GIVEN MATERIAL:
======

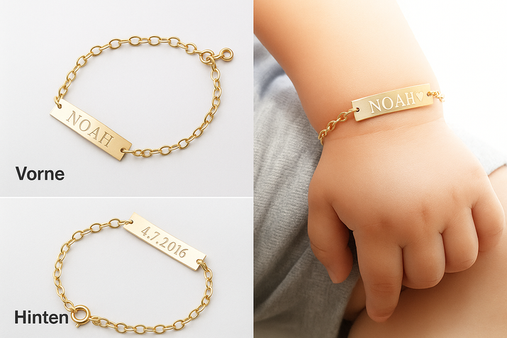 Das personalisierte Namensarmband feiert die Ankunft eines neuen Lebens und zeigt klare Bedeutung. Es eignet sich für dein eigenes Baby oder für ein Kind eines geliebten Menschen. Die Gravur des gewünschten Namens schafft ein einzigartiges Schmuckstück das Zuneigung und besondere Momente symbolisiert. Präzise Verarbeitung bildet die Grundlage und stärkt den emotionalen Wert bei jeder Gelegenheit.
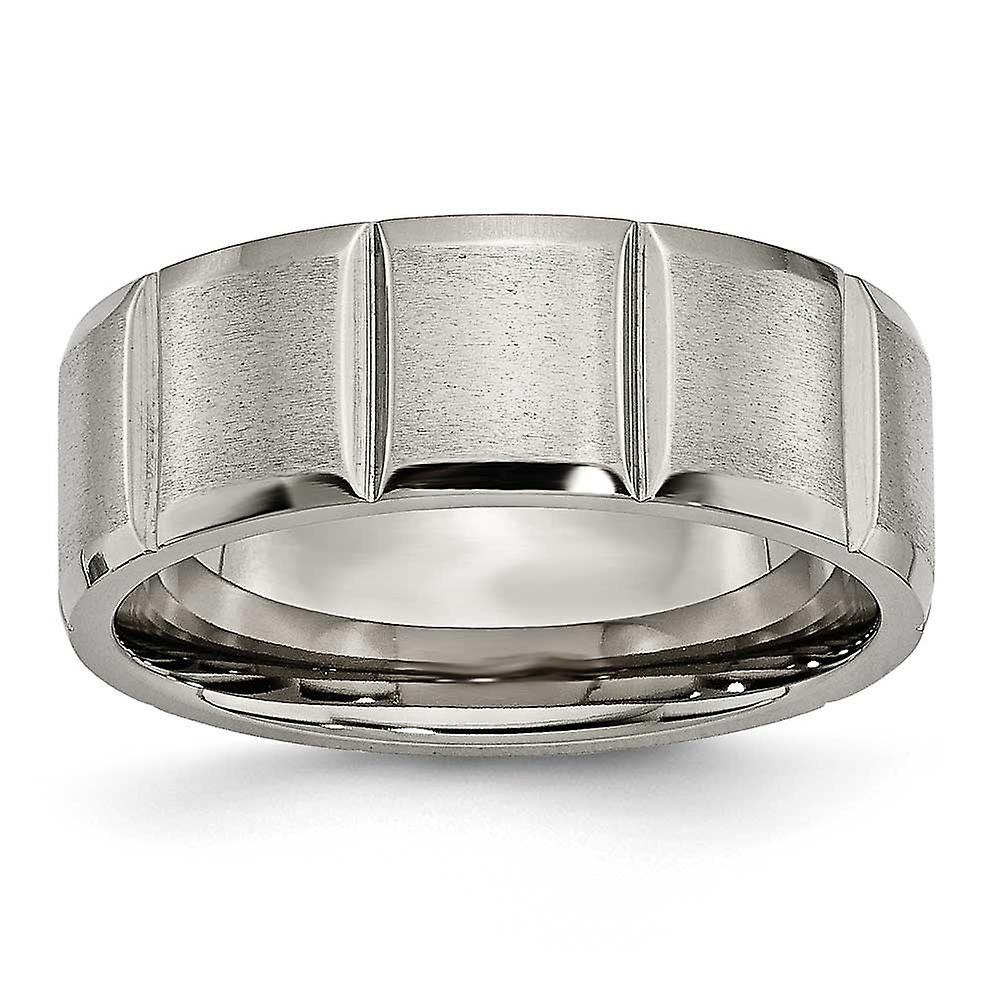 Titanium Polished and satin Notched 8mm Grooved Satin Band Ring Ring for Women and Men - Ring Size: 7 to 13
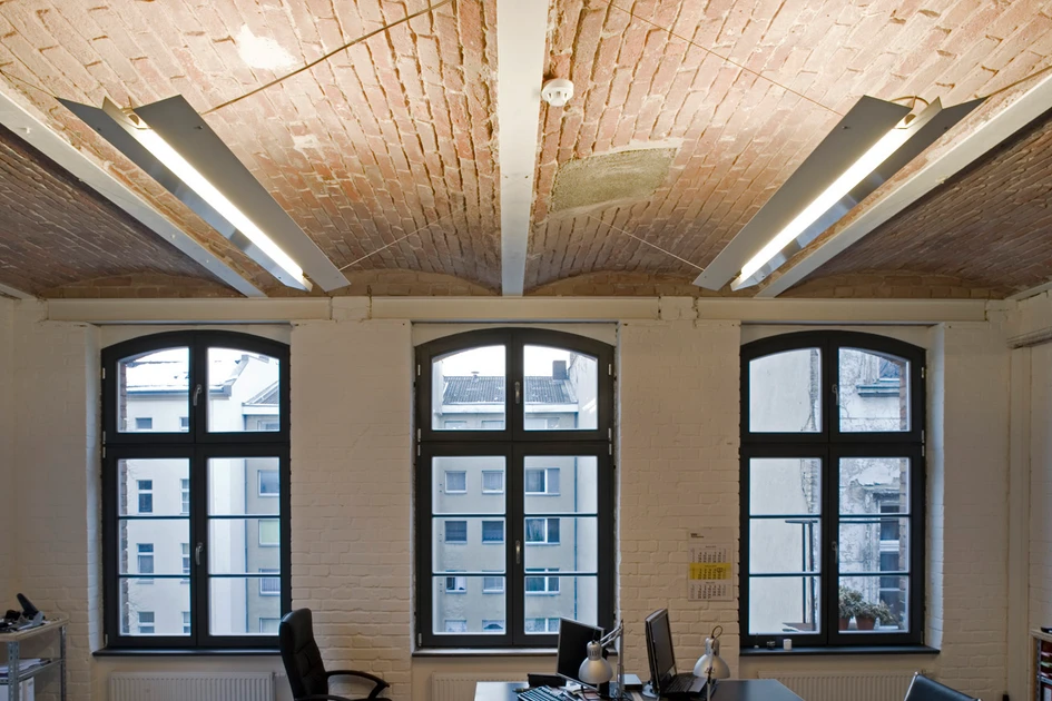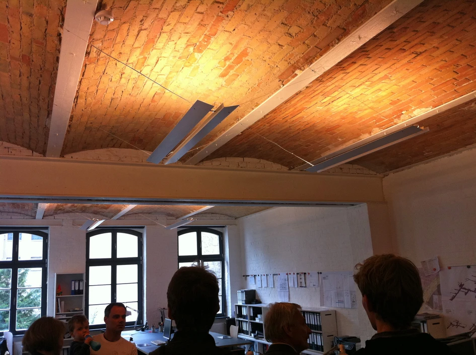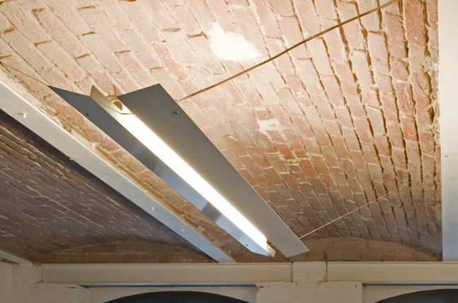 Simply made from standard aluminim profiles, it adapts to the room with its unusual hanging an illuminates the classic prussian vaults to create an indirect lighting.

======

The data needs to be reproduced exactly, please, apart from its pictures.

 Das personalisierte Namensarmband feiert die Ankunft eines neuen Lebens und zeigt klare Bedeutung. Es eignet sich für dein eigenes Baby oder für ein Kind eines geliebten Menschen. Die Gravur des gewünschten Namens schafft ein einzigartiges Schmuckstück das Zuneigung und besondere Momente symbolisiert. Präzise Verarbeitung bildet die Grundlage und stärkt den emotionalen Wert bei jeder Gelegenheit.
 Titanium Polished and satin Notched 8mm Grooved Satin Band Ring Ring for Women and Men - Ring Size: 7 to 13
 Simply made from standard aluminim profiles, it adapts to the room with its unusual hanging an illuminates the classic prussian vaults to create an indirect lighting.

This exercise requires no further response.